Please retype the data below line for line and leave out every picture.

*SUPPLIED INFORMATION*

• • • • •

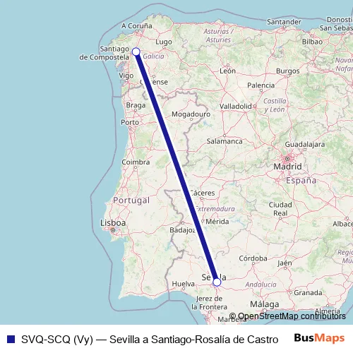 See why over 2 million users trust and consider busmaps.com as the best public transport website. busmaps gives you Sevilla Flights suggested routes, real-time bus tracker, line route maps in Sevilla, and helps to find the closest SVQ-SCQ (Vy) air stops near you. No internet available? Download an offline PDF map and bus schedule for the SVQ-SCQ (Vy) air to take on your trip.
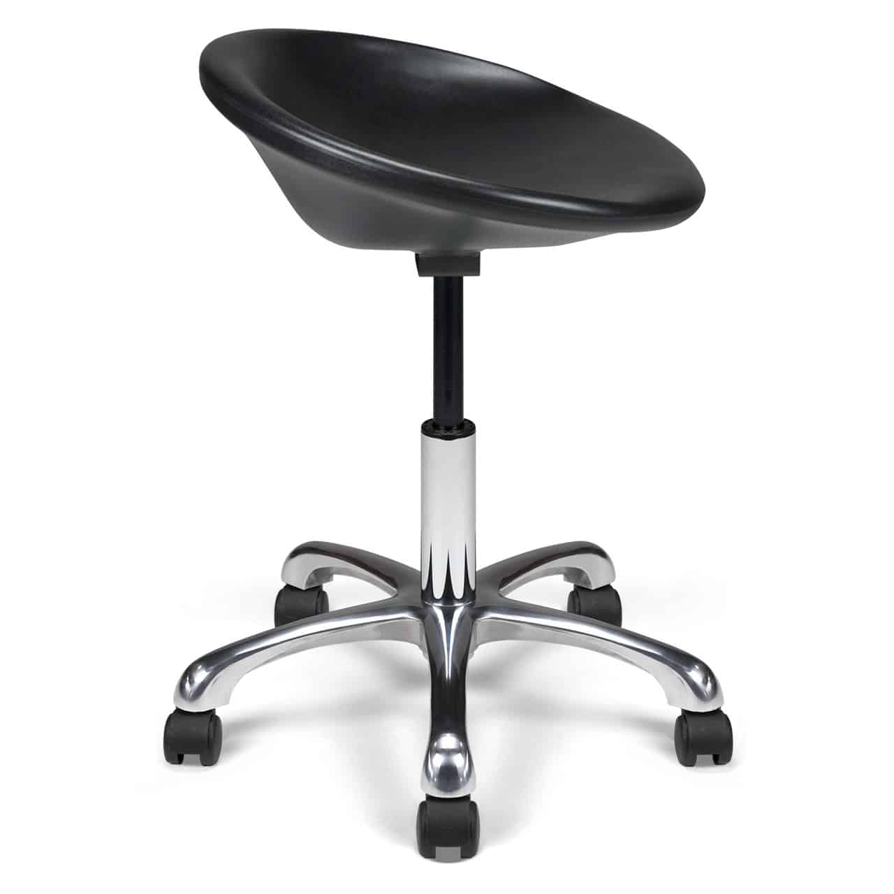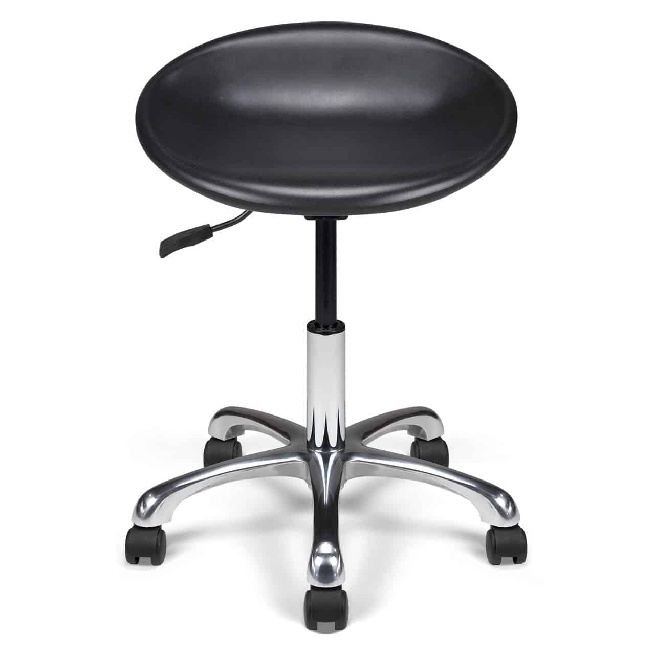 Vérin pneumatique lg 305 mm – différentes longueurs possibles, nous consulter. Assise polyuréthane noir haute densité. Base aluminium poli, diam. 540 mm.
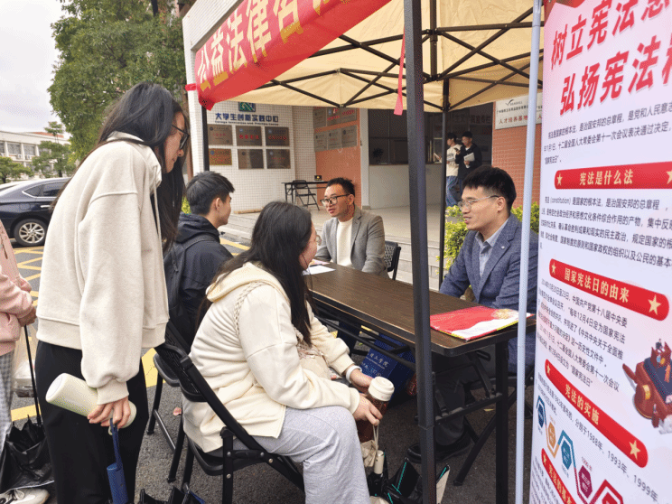 宣誓仪式结束后,现场展开了内容丰富、形式多样的宪法宣传与线下法律咨询活动。通过悬挂宣传横幅、设立普法展板、发放宪法读本与法治宣传资料等方式,向过往师生生动普及宪法知识,阐释宪法作为国家根本大法的核心要义与重要作用。设置的法律咨询台前人头攒动,具备法律专业背景的党员教师代表耐心细致地为前来咨询的同学们解答关于学业、生活、就业等方面遇到的法律疑问,提供了专业的法律指引,增强了大家的法律意识和运用法律武器维护自身合法权益的能力。
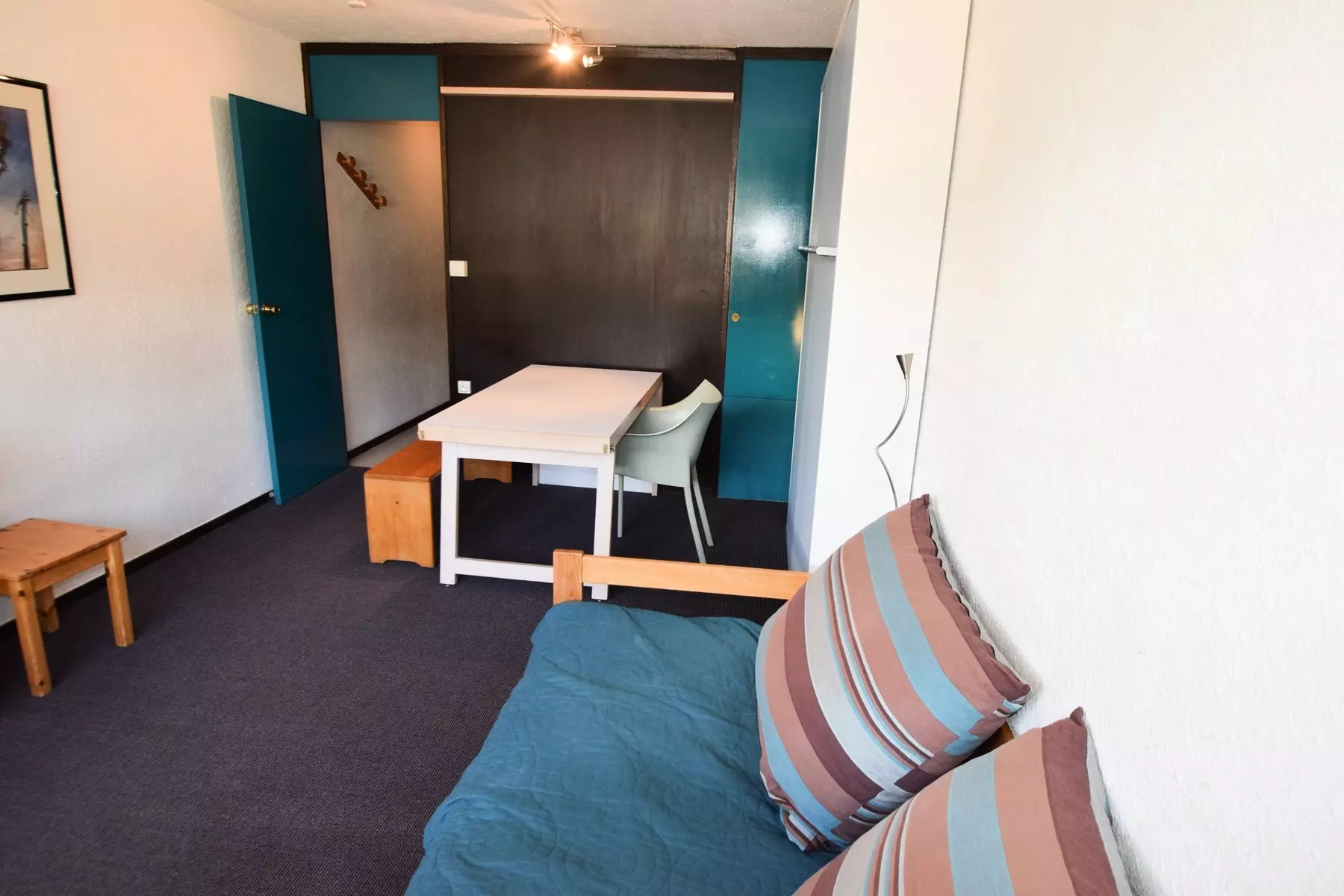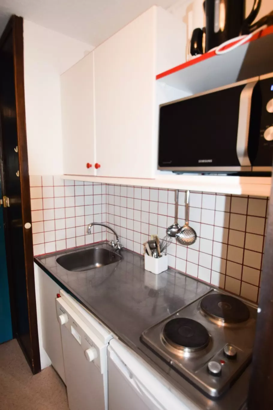 Studio 3/4pers, 22m2, exposé au Sud avec balcon, vue sur les pistes, au 4ème étage avec ascenseur. Cuisine : dans l'entrée, 2 plaques électriques, réfrigérateur, four micro-ondes/grill, lave vaisselle, cafetière électrique - Séjour : coin repas, 1 lit armoire double (150 x200 cm) , 2 lits gigognes 80 cm, TELEVISEUR - Salle de bains : baignoire, WC inclus - Literie : couettes Les sols : moquette, sauf entrée/Cuis/ Sdb : plastique - Studio avec belle vue dégagée sur les pistes, très clair, idéal pour 2 adultes et 2 enfants. Menuiseries neuves 2024. casier à skis n°440 au RDC côté UCPA - La Résidence : située au pied des pistes, reliée aux commerces par galerie couverte - Parking extérieur à proximité de la résidence.

• • • • •

*RESPONSE FOR THIS EXERCISE*
 See why over 2 million users trust and consider busmaps.com as the best public transport website. busmaps gives you Sevilla Flights suggested routes, real-time bus tracker, line route maps in Sevilla, and helps to find the closest SVQ-SCQ (Vy) air stops near you. No internet available? Download an offline PDF map and bus schedule for the SVQ-SCQ (Vy) air to take on your trip.
 Vérin pneumatique lg 305 mm – différentes longueurs possibles, nous consulter. Assise polyuréthane noir haute densité. Base aluminium poli, diam. 540 mm.
 宣誓仪式结束后,现场展开了内容丰富、形式多样的宪法宣传与线下法律咨询活动。通过悬挂宣传横幅、设立普法展板、发放宪法读本与法治宣传资料等方式,向过往师生生动普及宪法知识,阐释宪法作为国家根本大法的核心要义与重要作用。设置的法律咨询台前人头攒动,具备法律专业背景的党员教师代表耐心细致地为前来咨询的同学们解答关于学业、生活、就业等方面遇到的法律疑问,提供了专业的法律指引,增强了大家的法律意识和运用法律武器维护自身合法权益的能力。
 Studio 3/4pers, 22m2, exposé au Sud avec balcon, vue sur les pistes, au 4ème étage avec ascenseur. Cuisine : dans l'entrée, 2 plaques électriques, réfrigérateur, four micro-ondes/grill, lave vaisselle, cafetière électrique - Séjour : coin repas, 1 lit armoire double (150 x200 cm) , 2 lits gigognes 80 cm, TELEVISEUR - Salle de bains : baignoire, WC inclus - Literie : couettes Les sols : moquette, sauf entrée/Cuis/ Sdb : plastique - Studio avec belle vue dégagée sur les pistes, très clair, idéal pour 2 adultes et 2 enfants. Menuiseries neuves 2024. casier à skis n°440 au RDC côté UCPA - La Résidence : située au pied des pistes, reliée aux commerces par galerie couverte - Parking extérieur à proximité de la résidence.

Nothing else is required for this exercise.